If you listen to what law enforcement whispers, you’ll find a measured kind of resignation. Glenn Kerns, a detective long retired from Seattle, once tracked $20 million raised and sent from his city to Africa—largely remitted by Somali-Americans whose tax returns still showed DHS benefits. “We had good sources tell us: this is welfare fraud,” Kerns asserted, almost offhand. Minnesota’s figures? At least as high, most admit.

The implications are jarring. “The largest funder of Al-Shabaab is the Minnesota taxpayer,” one federal investigator declared, the sort of statement no politician dares repeat in public. Why? Because political calculations run deep in a state where the Somali immigrant community forms a sizable and sometimes decisive voting bloc. Former State Senator David Gaither, now a private citizen, put it more bluntly: “If you don’t win the Somali community, you can’t win Minneapolis. And if you don’t win Minneapolis, you can’t win the state. End of story.”

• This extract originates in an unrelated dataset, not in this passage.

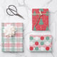 These 19" x 29" flat Christmas wrapping paper sheets come in three designs, red and green plaid, whimsical Christmas Trees and circle lines.

It’s an uncomfortable truth for many. Kayesh Magan, who worked federal fraud cases, doesn’t sugarcoat it: “Most defendants in these cases are from the Somali community. That’s what the data says.” He sighs, pauses. “People look away for lots of reasons.”

There are warnings behind every investigation. U.S. Attorney Joe Thompson describes “schemes stacked upon other schemes,” each indictment uncovering yet another layer: clinics with fake rosters, daycare centers with invisible children, charities that buy nothing but themselves new office chairs. “Weak oversight, generous benefits, and money channels you can’t trace—fraudsters find new ways,” he said.

Meanwhile, the average taxpayer’s patience thins. Some don’t realize what’s been lost until local governments cut something tangible—a clinic, a bus line, a playground. At the federal level, counterterrorism experts now track stolen welfare dollars as closely as online propagandists.

For now, Minnesota’s fraud headaches neither begin nor end with any single scandal. What remains is a trail—from North Minneapolis offices to warlords’ enclaves in Africa—woven into the daily calculations of bureaucrats, lawmakers, whole neighborhoods. “If even a single dollar from these programs turns up funding violence,” one investigator said, “then the optics of the entire system change in a heartbeat.”

Trust in the system, once chipped, isn’t easily rebuilt. And each headline—one more arrest, one more conviction—traces another crack.